三話
朝、アリシアとメアの部屋
アリシアが朝起きるといつも感じる事がある、それは右腕の重さである。
「へへ〜、アリシア〜」
右腕の重さの原因はメアである、髪色以外アリシアにそっくりなこの少女は、寝た当初は自分のベットで寝ているのだが、いつの間にかアリシアのベットに入り込んできて腕に抱き付いて来るのである。
(普段はしっかりしてる癖に寝てる時はこんな感じで、可愛いのよねメアって)
メアの頬をツンツンと突くアリシア、するとムーと言いながらメアが身を捩りアリシアの腕を離した、自由になったアリシアは立ち上がってキッチンに向かい、朝食を作り始めた。
今日の朝食はバターを塗った食パンにベーコン付きの目玉焼きとコーヒーだ、二人はエンジェルズの心得その三、食事を摂る際は必ず感謝せよ!に従い、手を合わせて頂きますをしてから食べ始める。
「ねぇ、メア」
「ん?、アリシアのご飯美味しいですよ?」
「あ、ありがと、・・・ゴホン、今日も昨日会った殺人鬼、出たのかしら?」
メアに話しかけるなり自分の料理が美味しいと言われたアリシアはキョトンとした顔でありがとと言いすぐに頬を真っ赤に染めそっぽを向いた、メアはそんなアリシアを見てクスクスと笑う。

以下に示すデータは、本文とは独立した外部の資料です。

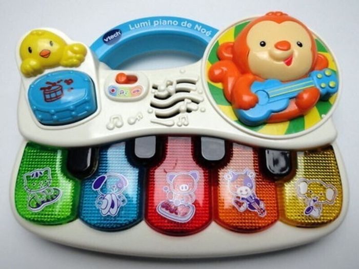 Vtech Lumi piano de Noé lumineux interactif 10 mélodies 2 chansons instrument musique éveil lot SOP77 A saisir : 9€ DESCRIPTION :  Un piano lumineux pour chanter avec les Noé et ses amis !   Un petit singe tout mignon qui chante avec Bébé sur des sons de guitare, piano et cymbales !  Grâce aux 5 touches de piano lumineuses Bébé découvre les animaux, les instruments et joue des mélodies.  Bébé doit tourner un disque pour faire danser Noé le petit singe.  10 mélodies et 2 chansons. Fonctionne avec 3 piles LR6 AA non incluses.  Age : 6-36 mois Ref : Lumi piano de Noé Vtech 80-150805  Expédition sous 24-48h Remise en mains propres possible à MEAUX (77100) quartier de la gare ou à :  . Trilport, Varreddes, Germigny-l’Evêque, Lizy sur Ourcq et May Acy en Multien. . Chessy TGV Serris / Magny le Hongre/ Marne-la-Vallée / Val d’Europe / Claye-Souilly et Villeparisis.

「彼のあの様子ならば恐らくは・・・、エンジェルズから夜や明け方は外に出るなと警告されているのに外に出ている人が大勢いると聞いていますから、被害者も増えてしまっているかもしれません・・・」
「警告は出せても、家を出る事を禁止する事はエンジェルズには出来ないのが歯痒いわ、それが出来るのは町議会よ」
「でも町議会は動かない・・・」
エンジェルズはオリビアの町の町議会に夜中の外出禁止令を出すように言っているのだが、町議会の老人達は腰が重く、中々外出禁止令を出さない。そのせいで殺人鬼による犠牲者がどんどんと増えているのにも拘わらずだ。
「町議会の奴らが何もしないのなら、私達がやるまでよ、そうでしょ?メア」
「はい!、ならば今日は町の見回りですね!」
「ええ!」
この日やる事を決めた二人の少女は急いで朝食を食べ切り、服を着替えてから寮を出た。
オリビアの町
「ここね」
「はい・・・」
予想通り、夜から明け方に一人、犠牲者が出ていた、現在二人は犠牲者が亡くなっていた場所にいる。
「ここで亡くなった人も体をバラバラにされていたって話よ」
「殺すだけでは飽き足らず、自分が殺した人の死体を弄ぶなんて本当に下劣です」
「そうね、だからこそあいつを絶対に捕まえなきゃね」
「はい」
二人は周囲を見渡し、殺人鬼が殺しをしてからどちらに逃げたのか考える、アリシア達の後方は人通りの多い通り、前方は通路が続いている。
「人通りの多い通りには出ないはず、ならこっち更に路地裏の奥に入ったはず」
「そして道は三方向に分かれている、前方の道は遠くの方に別の通りが、左手は行き止まり、右手はマンホールが見えますね」
「マンホールか・・・」
マンホールが気になったアリシアは側に寄るとしゃがんで見る。
「見てメア、人通りが少なくて埃っぽいお陰かしらね、手の跡が残っているわ」
「確かに、つまりは・・・」
「奴はここから地下に潜りどこかに逃げた、ふふん、奴の手口の一つが分かったわね、恐らくは毎回、マンホールから地下に入って逃げているのでしょう」
マンホールの蓋に手を掛けアリシアは蓋を開けた、すると地下に続く梯子が見えた。
「どうするメア?、行く?」
「行きましょう、手掛かりは出来るだけ多く得るべきです」
「よし!、なら地下探索と行きましょうか」
アリシアとメアは梯子を降り、オルビアの町の地下に入った。